Yes, the MTF applies to the focal plane, our eyes detect what's there somewhat differently.

Image brightness is not modeled. Right, it's important because image brightness appears to affect contrast. But that's not true, it's the detector that is suffering. And we all suffer in nearly similar ways with regards to image brightness. So, the MTF should still be useful as a model. It puts the theoretical contrast and resolution on the focal plane and our nearly similar visual acuity takes it from there.

I think the MTF is still meaningful despite the acuity of the detector,provided the detectors are at least similar: two pairs of eyeballs, or two CCD chips, for example. It might get confusing because dim objects "appear" to the eye to have less contrast, but they don't.

Quote:

The 25 inch definitely showed it better but neither showed the detail that an 80mm would show were the eye able to detect it.

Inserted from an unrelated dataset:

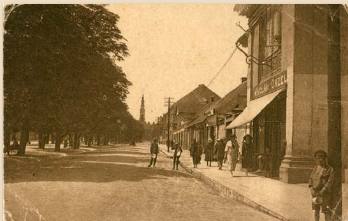
Częstochowa – III aleja Najświętszej Maryi Panny, ok. 1914 r.

Yes, correct me if I am wrong, but the 25" and 16" still put better contrast and resolution on the focal plan than the 80mm giving our eyes the "opportunity" to get at that detail...despite the wind.

I never thought of it that way - the filtered moon concept, so that paradigm is interesting. Still, the (aperture - CO) modeling we see plotted on the MTF is still meaningful even for faint fuzzes, ya? Its not perfect because our eyes differ slightly, but close enough for a RoT because all scopes and eyes treat brightness relatively. Lemme sleep on it...interesting.

Edited by Asbytec (04/08/13 03:23 PM)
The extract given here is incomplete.